When Ed Litton Beats the Far-Right
The 2021 Southern Baptist Convention, Ed Litton and what it means (and doesn't mean) for the state of American Evangelicalism.
Nashville, Tennessee, home to the Grand Ole’ Opry and the Country Music Hall of Fame, also serves as the headquarters and annual meeting place for the 14 million member Protestant denomination (and largest one in the country)—the Southern Baptist Convention. Yesterday, the denomination voted to install Ed Litton, whom some media outlets have described as the “moderate” candidate, as the SBC’s president.
Litton’s appeal to many within the denomination is his decades-long record for pushing the SBC towards ‘racial reconciliation.’ Fred Luter, the SBC’s first and only Black president from 2012-14, endorsed Litton’s candidacy, and are indeed close friends (Luter and Litton have both exchanged their pulpits as part of a “Racial Reconciliation Sunday”) While many are hailing Litton’s win as a resounding victory for the denomination’s “centrists” and loss for the far-right, there are some elements about Litton’s win that must be taken into consideration before folks start to feel comfortable with the SBC’s trajectory on issues regarding racism, sexual abuse and women leadership.
Ed Litton won the SBC’s presidency by an extremely thin margin (about 2%) of eligible voters within the convention. The far-right candidate, Mike Stone, campaigned heavily prior to this year’s convention, and with the backing of the conservative-wing of the denomination and its mobilizing arm—the Conservative Baptist Network—Stone was only behind Litton by a little less than 556 votes (out of over 15,000 attendees, the largest SBC gathering in decades). Since the CBN’s launch in February, 2020, the network has grown in numbers and in influence, with notables like former Arkansas Gov. Mike Huckabee and Family Research Council’s President Tony Perkins as members. Their control of the denomination via the presidency may have been averted, but their gained influence and power within the denomination itself, in a little over a year, suggests they will be a foreseeable force within the SBC for quite some time.

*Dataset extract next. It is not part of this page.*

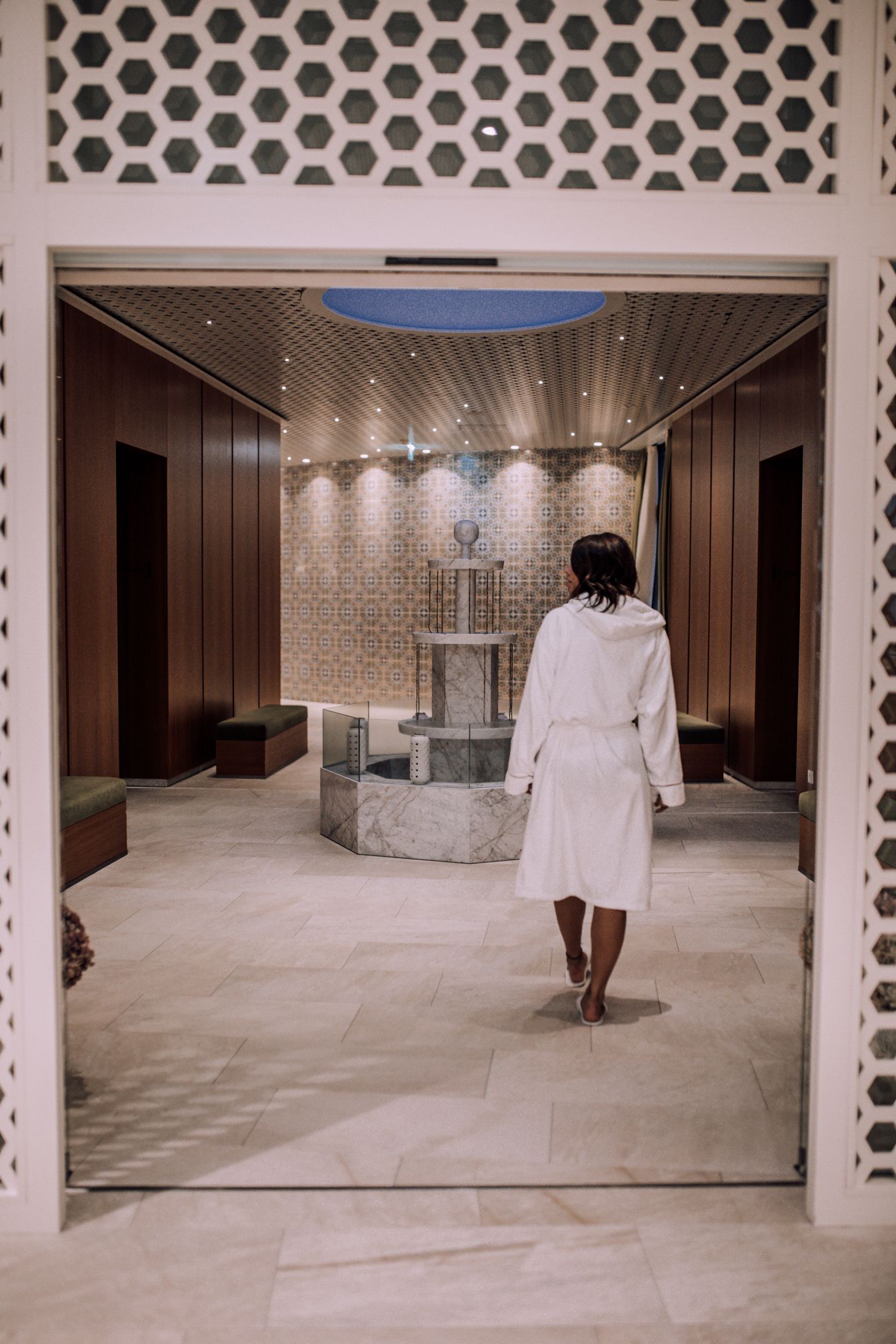 Wir haben zwar unglaublich viel Zeit in unserer eigenen Suite verbracht, doch zwischendurch mussten wir dann einfach auch in den privaten Spa-Bereich, der nur für die Geinberg5 Gäste rund um die Uhr zugänglich ist. Zusätzlich zu diesem wirklich wunderschönen Bereich, hat man auch Zugang zur Orientalischen Erlebniswelt. Auch diese Bereich ist wunderschön und irgendwie fühlt man sich wie in einer anderen Welt. Eine finnische Sauna am Dach, eine gemütliche Teebar, ein wunderschöner Arkadenhof und das Highlight das Hamam - ja hier kann man schon ein bisschen Zeit verbringen und entspannen. Ich bin sogar in den Genuss einer traditionell orientalischen Hamam-Behandlung, mit Körperpeeling, Wassergüssen und Seifenschaummassage gekommen - ein absoluter Traum kann ich euch sagen.

This contestation within the SBC is not so much between “left vs. right” or “liberal (or even moderate) vs. conservative” but “conservative vs. far-right conservative". Ed Litton, while seen by staunch SBC critics as a “woke leftist”, nevertheless holds theological views that one would certainly classify, theologically, as conservative. Litton holds complementarian views and believes that the SBC’s stance on women in ministry is substantial enough. Litton, like almost all SBC ministers, holds the inerrancy of the Bible, and, of course, belongs to an already Conservative denomination. Being a “moderate,” in this case, is quite relative.
Ultimately, both parties are fighting for a denomination raddled with sex-abuse scandals, an exodus of Black clergy, and the departures of famous members like Bible teacher Beth Moore, and former head of the SBC Ethics and Religious Liberty Commission Russell Moore (no relation), notwithstanding the SBC already bleeding 2 million members as of 2006. The diagnosis, according to the CBN, is the denomination supposed "drifting” toward wokeism, critical race theory, liberal culture and other slippery-slope similitudes. Voices like Ed Litton and outgoing SBC President J.D. Greear believe the church has gotten too immersed into politics, and needs to drift from its pharisaic legalism and overtly political alignments (presumably towards the right).
As CBN members worry about the church’s drifting and aim to #taketheship on a sinking boat, and Litton and Greear-type Baptists call for a return to the Gospel (which begs question regarding what they were preaching since the 1980s “conservative resurgence”) both parties are hiding behind liberal phobias and religious convictions to actually deal with the issue of race in America. Both Greear and CBN affirm the ‘unbiblical’ foundations of Critical Race Theory - a legal framework that examines the myriad of ways that the law intersects with race in society. CRT is still the Southern Baptists’ boogyman, it’s just the question on how to deal the imagined, ideological monster of the highest proportions not seen since “secular humanism” drifted on by.
Race is fundamentally still an issue for a denomination founded to support the institution of slavery, and the ultraconservative populists within the denomination, just like in American Evangelicalism and society et al, are the ones most keen downplay if not completely whitewash the history of slavery in the denomination and its affects within the church today. As one Mike Stone supporter highlighted in a tweet yesterday vis-á-vis the SBC presidential race, “We didn’t win. But this result shows we can.”